After high school, Mason went to Bennington College in Vermont, where she found the art education less than satisfying. During the summer of 1952, though, she had a formative experience at the Haystack Mountain School of Crafts in Maine, when she heard the textile designer Jack Lenor Larsen lecture on his theory of “analogous color.” As she later recounted to the writer David Ebony, Larsen “hung skeins of brightly colored wool over long dowels suspended between chairs. The colors spanned the spectrum of primary, secondary, and tertiary colors. He explained analogous color theory as color modified not by black and white but by other close colors of the spectrum. For instance, one could have a yellow and warm it up with red or orange, or cool it down with blue and green. This experience has helped me throughout my painting career. It also enabled me to continuously discover how colors affect each other: a visual magic.”

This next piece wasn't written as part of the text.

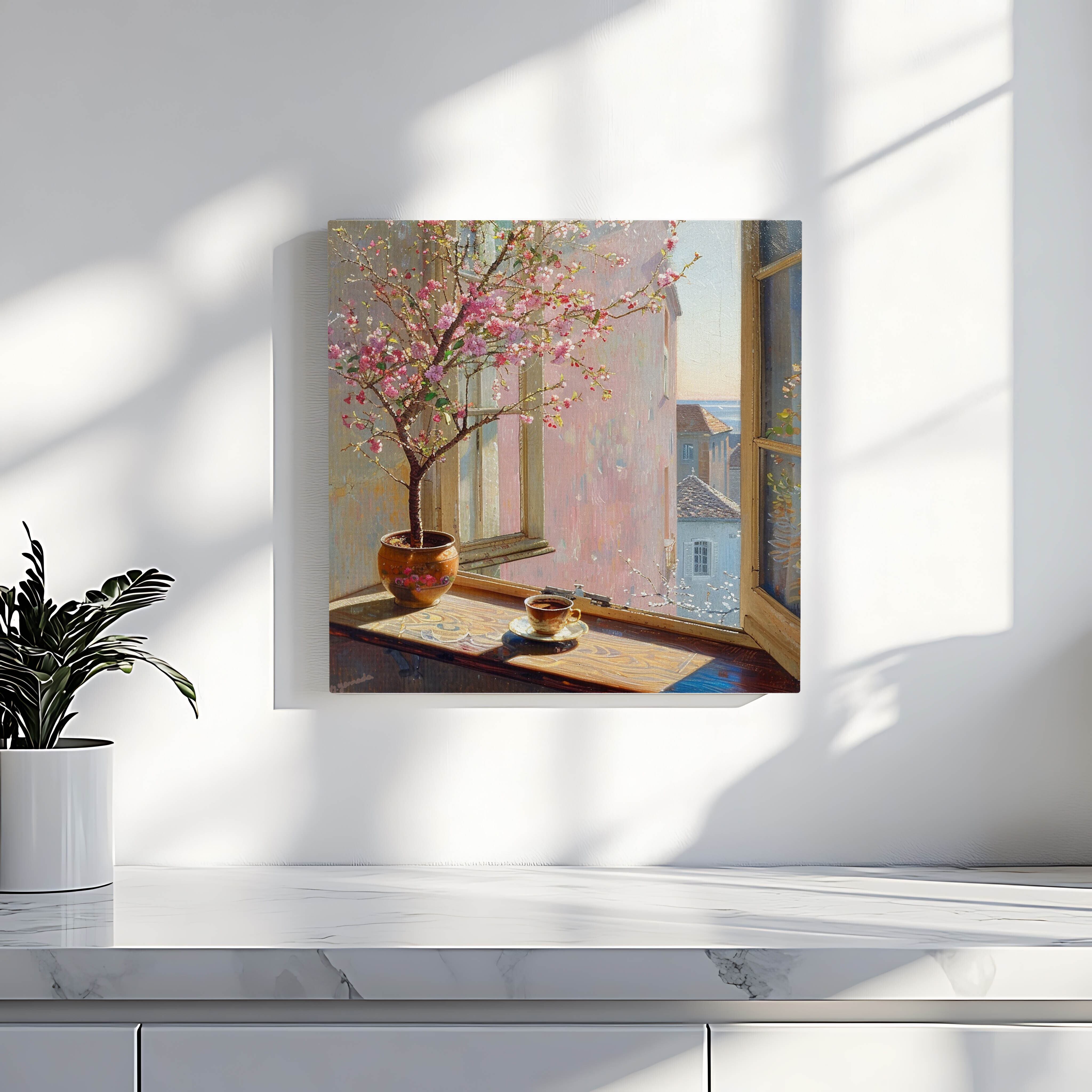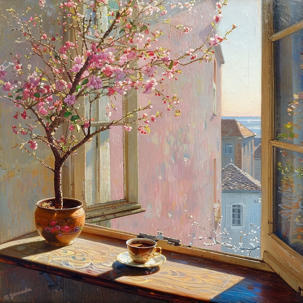 鉢植えの桜が、小さな花をほころばせる春の朝。

Asked about it today, Mason de-emphasizes the power that any conceptual scheme could have over her work process: “Yes, analogous color is real, but I don’t think like that, in terms of systems—I just do. I try to get a conversation going between the colors. John Cage talked about getting the mind out of the way, of letting intuition work instead of preconceived ideas. If I can get rid of those ideas….”
Helping her get rid of them is the paint itself. When asked how her current work differs from her earlier work, she answers simply, “There’s real continuity, not departure. A new tube of paint—that’s a departure for me, something to get excited about. My work is really about color relations taking me to a place I haven’t yet been. It’s like opening doors.”